§ **Problem to solve**:
Look through the entries below and copy exactly the part that begins with the line containing "Preço: 750 €Cama" and ends with the line containing "Tokyo Torch exterior". Do not copy the pictures.
[[ Input material open ]]
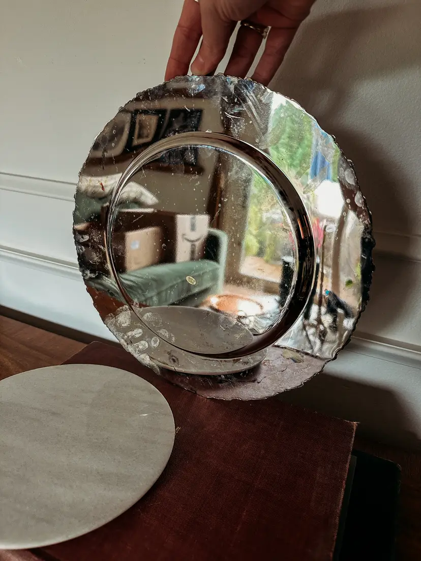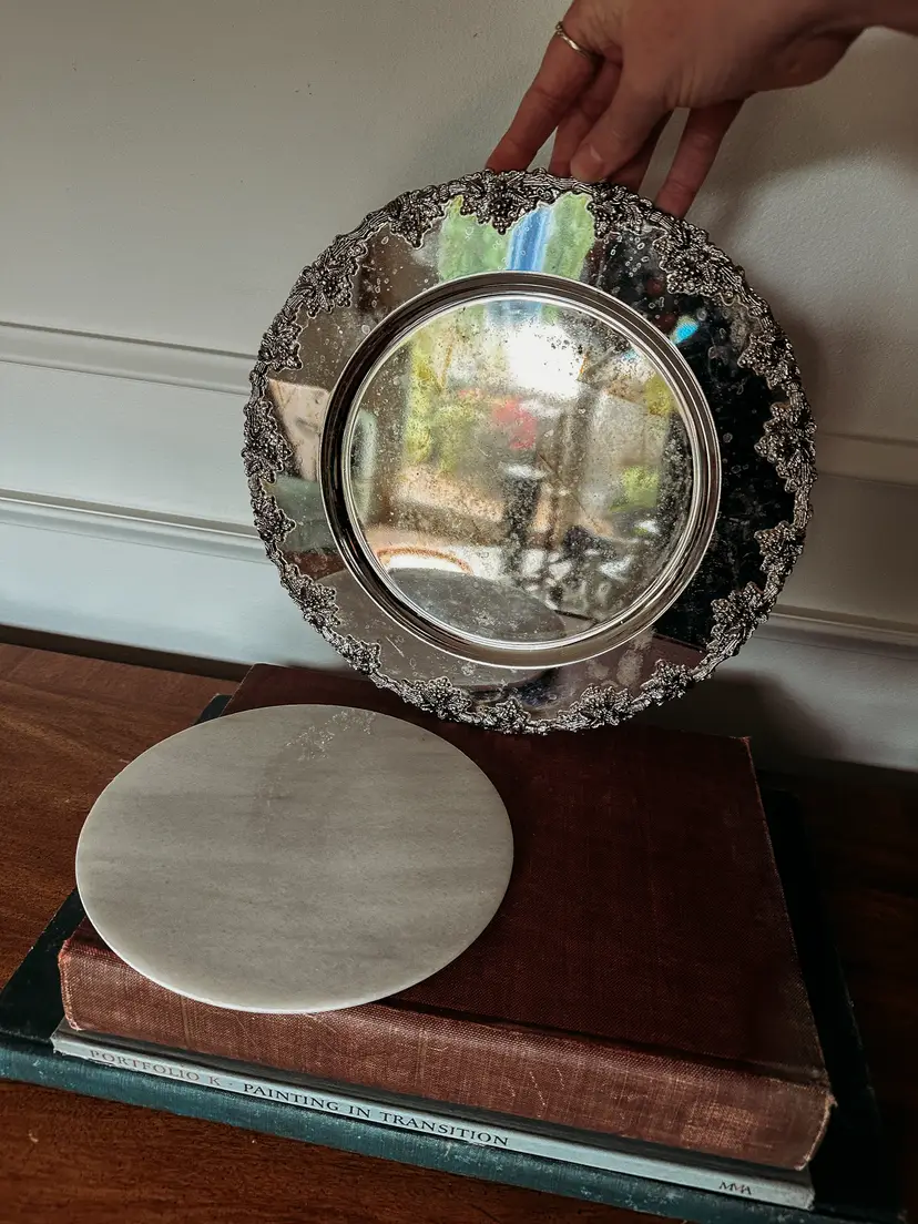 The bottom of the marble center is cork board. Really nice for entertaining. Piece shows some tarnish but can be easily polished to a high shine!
[[ Input material closed ]]
[[ Input material open ]]
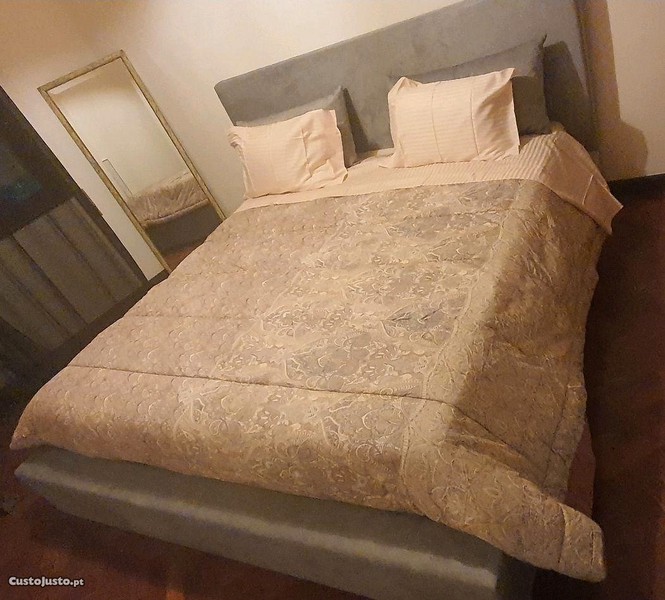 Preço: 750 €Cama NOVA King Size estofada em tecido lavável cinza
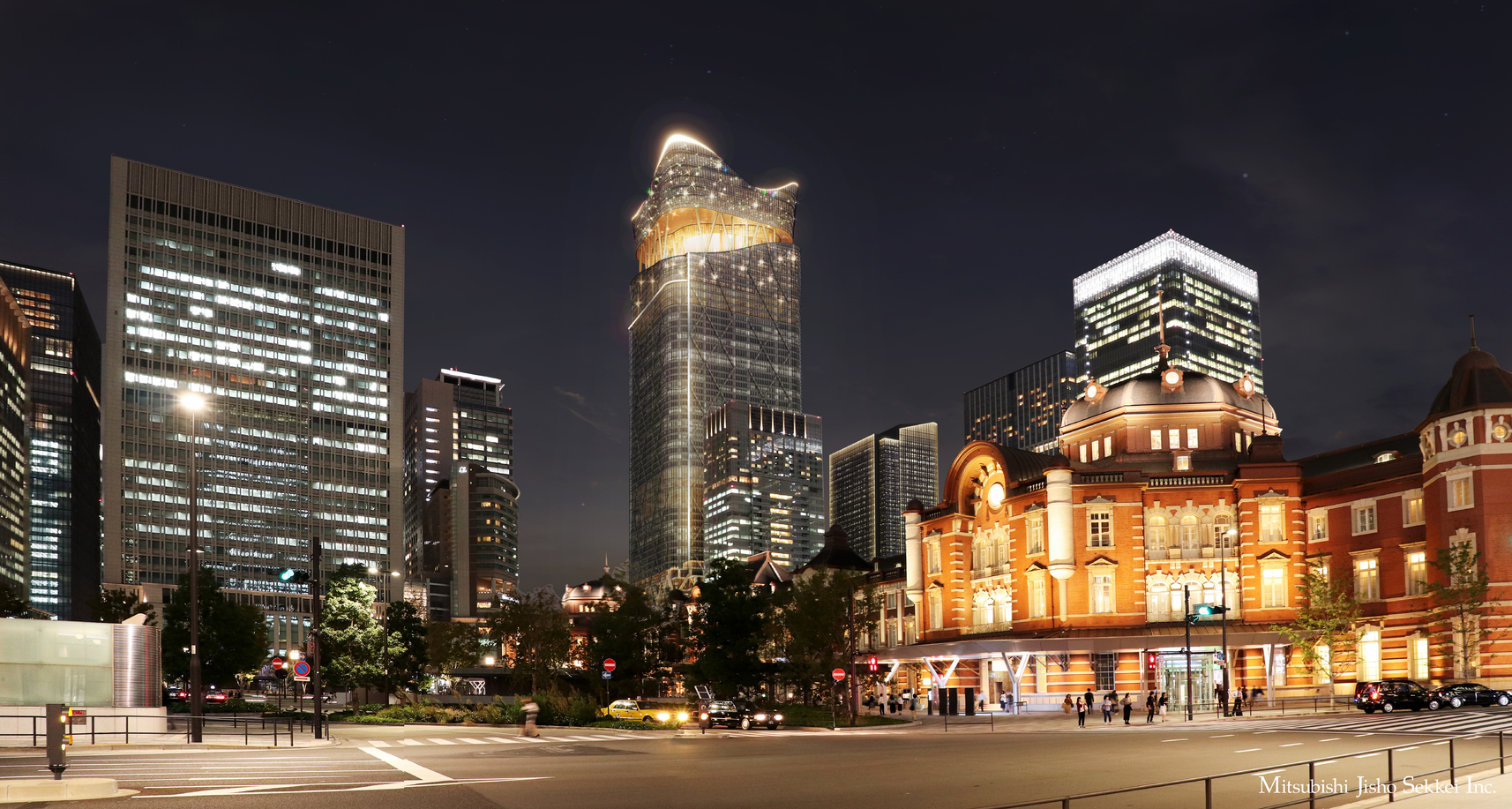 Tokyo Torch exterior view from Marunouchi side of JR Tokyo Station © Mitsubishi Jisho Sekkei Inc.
[[ Input material closed ]]
§ **Exercise solution**:
 Preço: 750 €Cama NOVA King Size estofada em tecido lavável cinza
 Tokyo Torch exterior view from Marunouchi side of JR Tokyo Station © Mitsubishi Jisho Sekkei Inc.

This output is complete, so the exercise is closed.